The reason: Helium™ maintains a very high standard for appropriate language and content, which is consistent with our User Agreement. Children as young as 13 can join the site and participate fully. Your article may contain a single offensive word. Or, you may have used obviously offensive or adult language, promoted hate speech, or advised readers to engage in destructive or illegal behaviors. Please consider revising this by removing the offensive content, and resubmitting to our knowledge treasury.
I have to write for a 13 year old?? Jeezus fucking Christ! If 13 year olds want to read me, GREAT. But I am NOT going to change my language because a kid might stumble upon it.
I wrote back to them: NO! I HATE CENSORSHIP. I expected your website to be a place of free discussion. I can abide by editorial decisions about length or structure, but not about censorship in the name of "protecting 13 year olds." A single offensive word? Free speech is all about the right to be offensive.
Then I quit the site.
Do me a couple favors. First, go to Helium and tell 'em you read about the censorship of my column and you object to it. Next, go to read my column there, and start a discussion. I won't get paid, but at least the folks at gather can see what helium is missing.

-->I love drug companies dept: Animal rights people protest drug testing on animals. They believe it's too cruel. Drugs should be tested on people, they say. Huh?
Still, every oyster has its pearl and this gem comes from an Animal Rights website. They talk about a drug called
Celexa. The side effects include diarrhea, insomnia, and problems with sexual arousal. But what's it for? CSD... compulsive shopping disorder. Yowsah!

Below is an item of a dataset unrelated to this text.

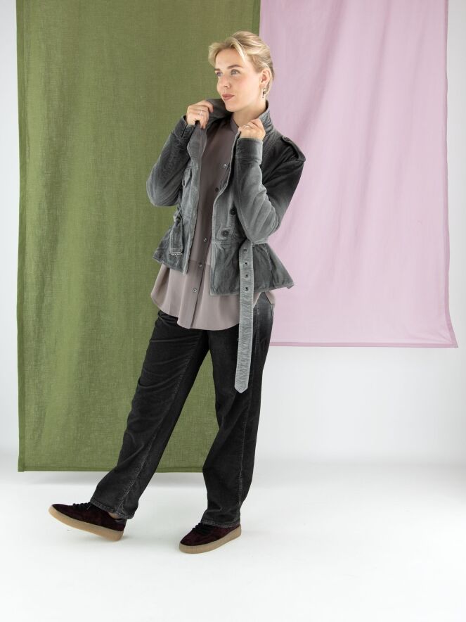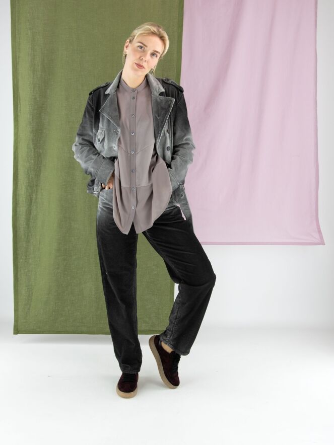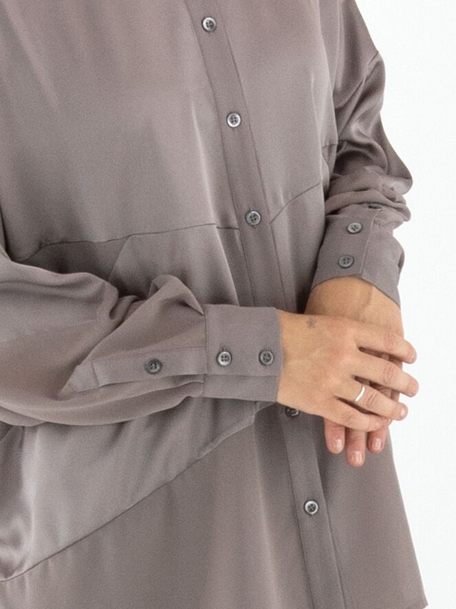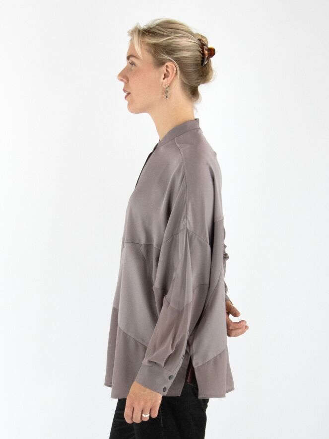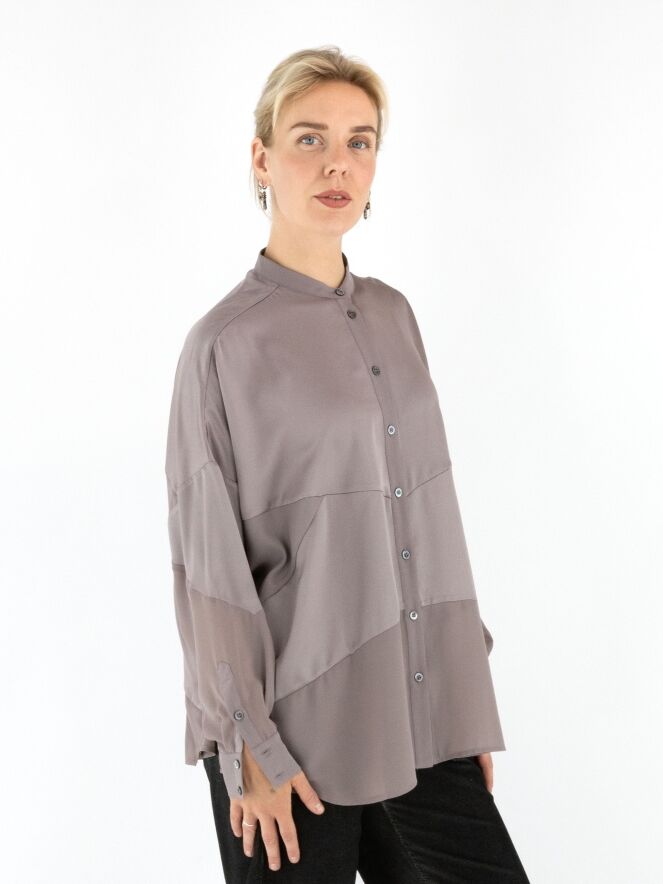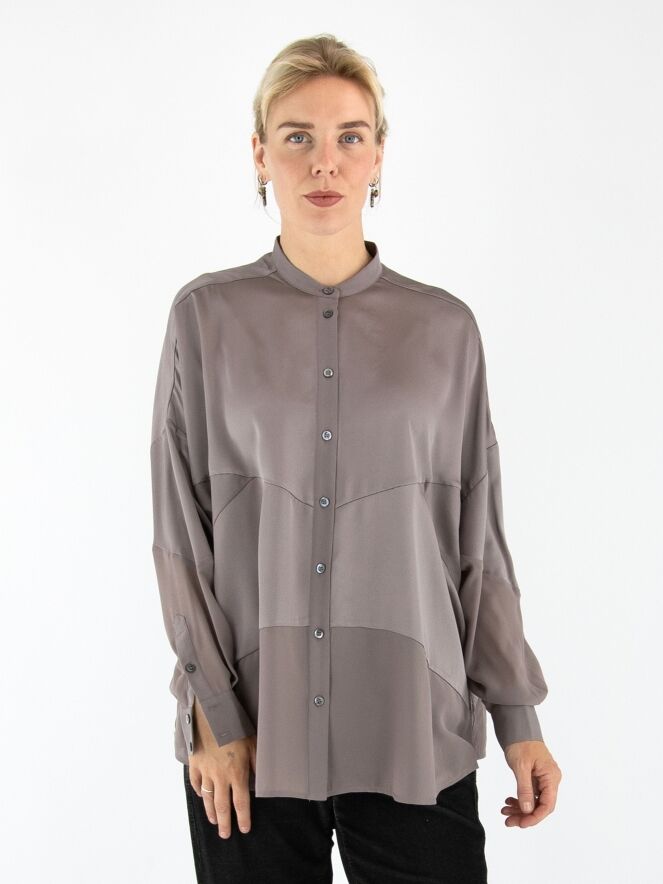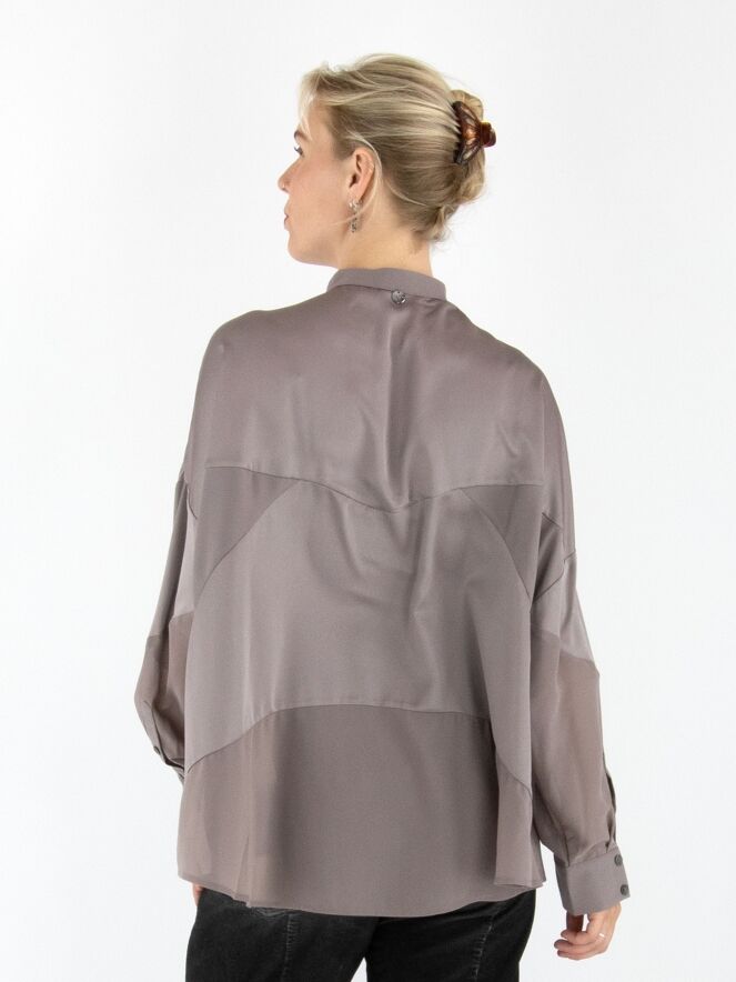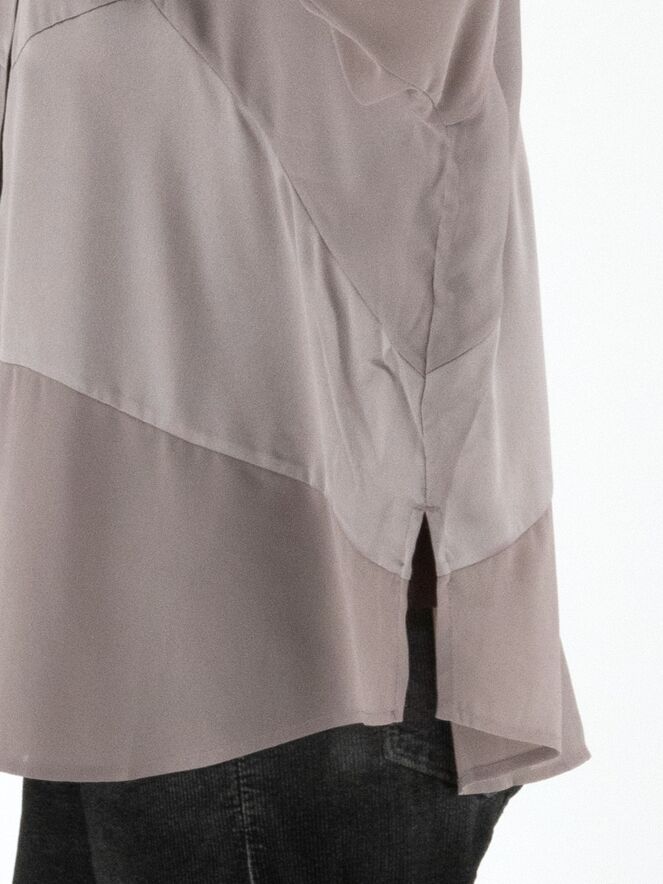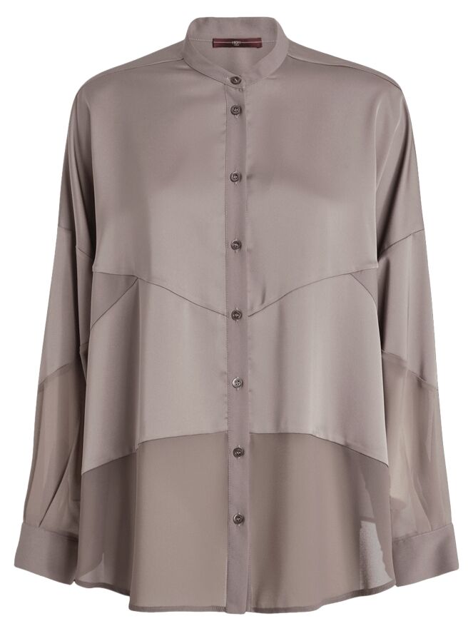 Bluse von High in Grau. Die Bluse kombiniert Partien aus mattem Satin mit leicht transparentem, mattem Stoff. Diese Bluse kann bei 30 Grad gewaschen werden.

-->This Appeared on Yahoo dept: A privacy watchdog group, Privacy International, reports that GOOGLE has the worst privacy policies of all the major websites.
P.I. assigned Google its lowest possible grade. The category is for companies with "comprehensive consumer surveillance and entrenched hostility to privacy."
None of the 22 other surveyed companies — a group that included Yahoo, Microsoft and AOL — sunk to that level.
Privacy International slammed Google's ability to match data gathered by its search engine with information from other services such as e-mail, instant messaging and maps.
Seven of the internet companies and websites included in the report received the second lowest grade of "substantial and comprehensive privacy threats." This group included: Time Warner's AOL, Apple Inc.,,,, Microsoft's Windows Live Space and Yahoo.

-->Steal first, drink later dept: Associated Press reports that a woman in Wasilla Alaska called police to report a stolen handgun, clothing, food and alcohol. The police found the suspect, wearing the woman's sweatshirt. Where? In the woman's garage, in a neighbor's car. The guy was sleeping and cops say that when they tried to wake him up, he was "unresponsive."